The crypto world is characterized by a breakneck pace of development, innovation, but also rapidly emerging and fading trends. One of the newest trends currently is DePIN, which stands for Decentralized Physical Infrastructure Networks. But does it have a chance to stay with us for good?

Definition

DePIN is an innovative network based on blockchain technology that incentivizes users to share their resources and real-world devices, such as processors, storage, or cameras, by rewarding their engagement with tokens. By leveraging the concept of the Internet of Things (IoT), DePIN can also integrate various devices equipped with sensors and detectors, creating a decentralized version of the network in the physical world.

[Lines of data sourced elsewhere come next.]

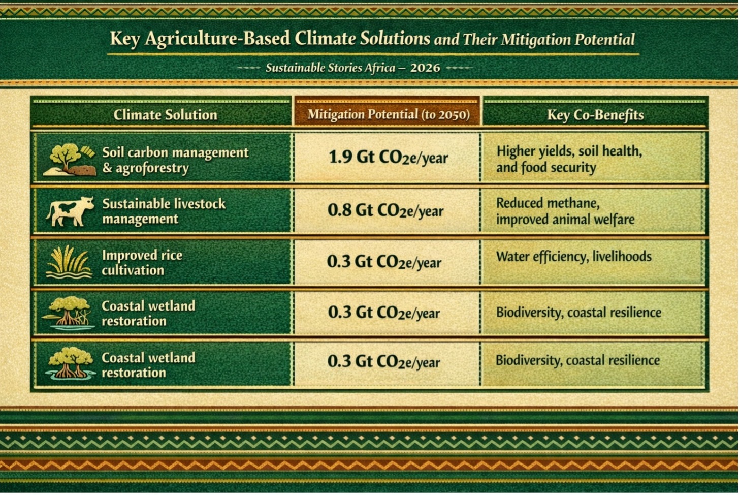 | Soil carbon management & agroforestry | 1.9 Gt CO2e/year | Higher yields, soil health, and food security |
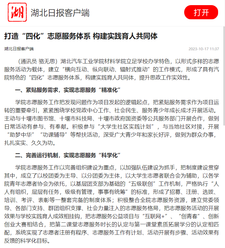 【湖北日报】打造“四化”志愿服务体系 构建实践育人共同体
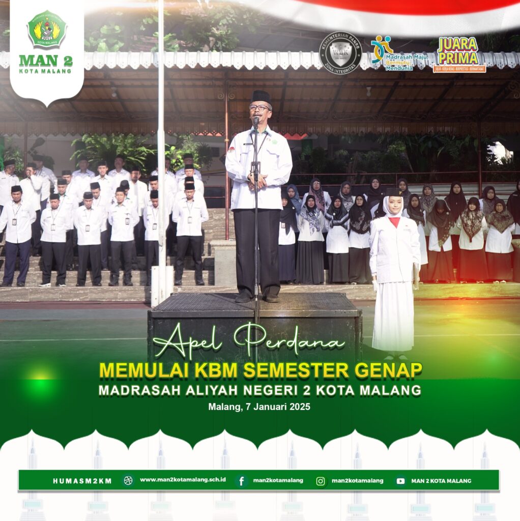 Kota Malang – Mengawali Semester Genap Tahun Pelajaran 2024/2025, MAN 2 Kota Malang menyelenggarakan apel perdana pada Selasa pagi (7/1/25). Kegiatan dilapangan olahraga yang berlangsung khidmat ini dihadiri oleh Kepala Madrasah Dr. H. Samsudin, M.Pd., seluruh Guru dan Tenaga Kependidikan (GTK), serta peserta didik dari semua jenjang kelas.

This technology aims, among other things, to address issues related to the increasing amount of data and server load by utilizing distributed infrastructure. The key idea is to reverse the traditional model in which corporations invest in building and maintaining physical infrastructure. In the case of DePIN, there is a paradigm shift, where users are encouraged to build a broad network and share it with companies for appropriate compensation.

Goals of DePIN

The goal is to create a decentralized infrastructure that provides diverse services and data, with network members responsible for their quality. The entire collaboration is based on mutually accepted cooperation consensus, sometimes in the form of smart contracts designed according to the project’s needs. This reduces the need for traditional regulatory bodies and traditional physical infrastructure.

Thanks to the decentralized networks of users, the infrastructure becomes resistant to censorship and manipulation. Fundamental components of DePin are supply-side participants, projects leveraging blockchain technology, and end-users or companies who use resources.

This innovative concept aims to bring real benefits in DePIN space, particularly in sectors such as data storage providers, wireless and sensor networks, or energy, through more efficient resource utilization, reduced network construction costs, and cooperation.

Highlights

• Messari

The need to systematize knowledge about DePIN has sparked Messari’s interest. Their goal is to provide transparency and education about space in Web3. Therefore, the “State of DePIN 2023” report was created. This technology was presented there in a comprehensive way. The Messari team organized and presented the narratives created in web3 about DePIN and showcased its scale. Massari lists DePIN as one of the top 10 trends in peer-to-peer infrastructure in 2024.

• Name

Although the concept of DePIN has only recently emerged, related projects have been in the market for several years. It is worth noting that this trend may also be known by other names, such as EdgeFi, Proof of Physical Work (PoPw), or Token Incentivized Physical Networks (TIPIN). While this concept has only recently gained prominence when the industry achieved consensus on its name, the concept itself dates back to the early days of the blockchain era. 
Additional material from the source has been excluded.